Louis Dorren (1948 – October 26, 2014), commonly referred to as Lou Dorren, was an American sound engineer, music producer and inventor. He was also the owner of Bay Sound Records.

In 1969 Dorren invented the Quadraplex system of single station, discrete, compatible four-channel FM broadcasting. He founded Quadracast Systems, Inc. (QSI) of Palo Alto, California, United States to license his patents to RCA and others.

Dorren was awarded more than a dozen patents in the radio communications field, many of which are still in use today.

History and background
Dorren's recording experience was starting to develop when at the age of 15 he was recording a local group. Years later, in the 2000s he would produce and work on recordings for The Beau Brummels and actor / singer Ronny Cox.

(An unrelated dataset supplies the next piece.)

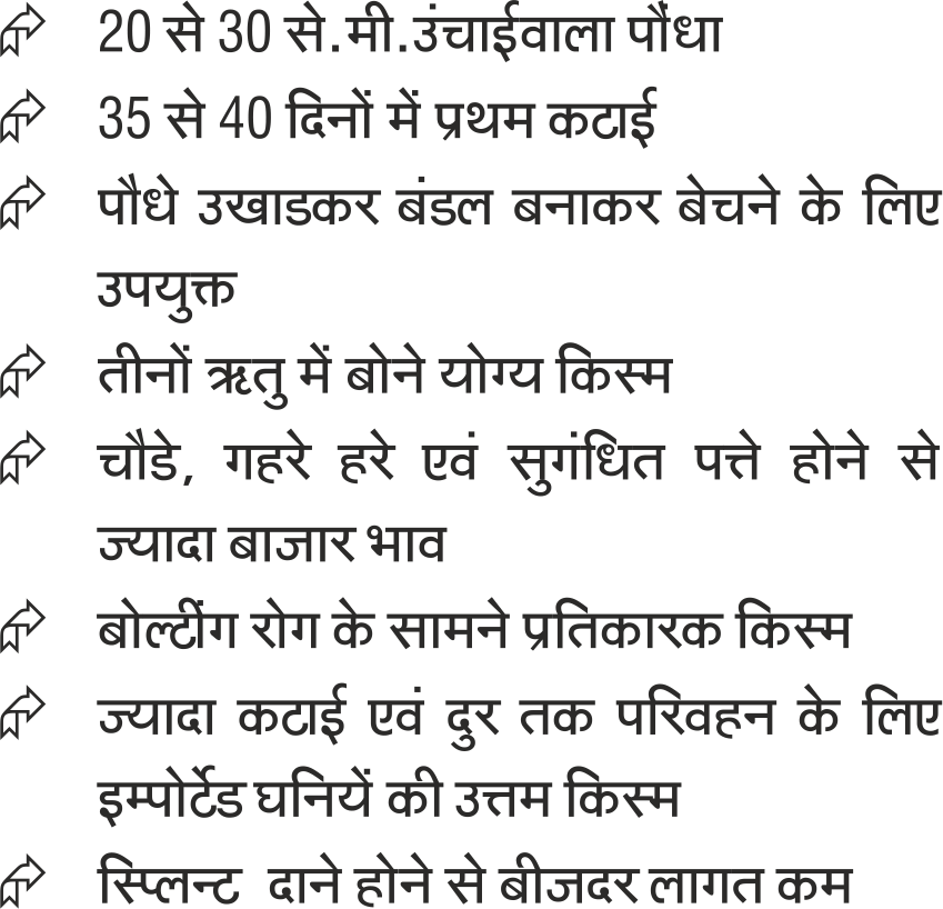 Imported coriander variety with long stay fresh character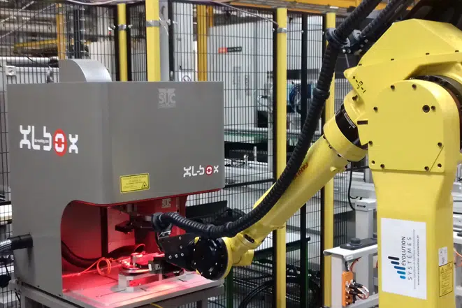 SIC MARKING은 자동 도어가 있는 XL-Box 스테이션의 설치를 제안했습니다. 도어를 통해 로봇이 부품을 배치하고 기계에서 부품을 꺼낼 때 로봇 스테이션과 쉽게 통합할 수 있습니다.

In the 1970s Dorren was the director of research for Quadracast Systems, located in San Mateo, California. While in that position he made a prediction of sorts that with Discrete CD-4 records that only a single inventory would be required. He was the inventor of the QSI system that sparked up interest in quadraphonic broadcasting.

Dorren was well known to the organizers of the Westcoast Songwriter's Conference, with him and his company sponsoring and supporting the event for years. At the 26th annual conference, he hosted a segment in the Xytar room on how to make home recordings sound professional. At the same event he brought actor / singer Ronny Cox to appear at the Xytar Room.

News of death
Dorren died on October 26, 2014, from complications of heart and kidney problems.  He was 66 years old.  His remains were interred at the Salem Memorial Park cemetery in Colma, California.

Companies

Bay Sound Records
Bay Sound Records was a label that Dorren started in the 1960s. In later years, well in to the 2000s the label would release a recording by The Beau Brummels. Other recordings released in later years were by Canvas with Storyteller, Ragtimers Nan Bostick and Tom Brier with Missing You at the McCoys Bay Sound Records BSR6945, and their other album Dualing at the McCoys.

Xytar Digital Systems
In the 2000s he was the CEO of Xytar Digital systems, a company located on Taylor Boulevard in Millbrae, California. Xytar handled remastering of soundtracks, and had done work for Ballet San Jose. Albums such as Dualing at the McCoys by Nan Bostick & Tom Brier were recorded with its technology. As well as being a sponsor of the  Westcoast Songwriter's Conference for years, Xytar was the main or sole sponsor of the WCS International Song Contest in 2004. It was also one of the sponsors for the International Songwriting Competition (ISC) the following year.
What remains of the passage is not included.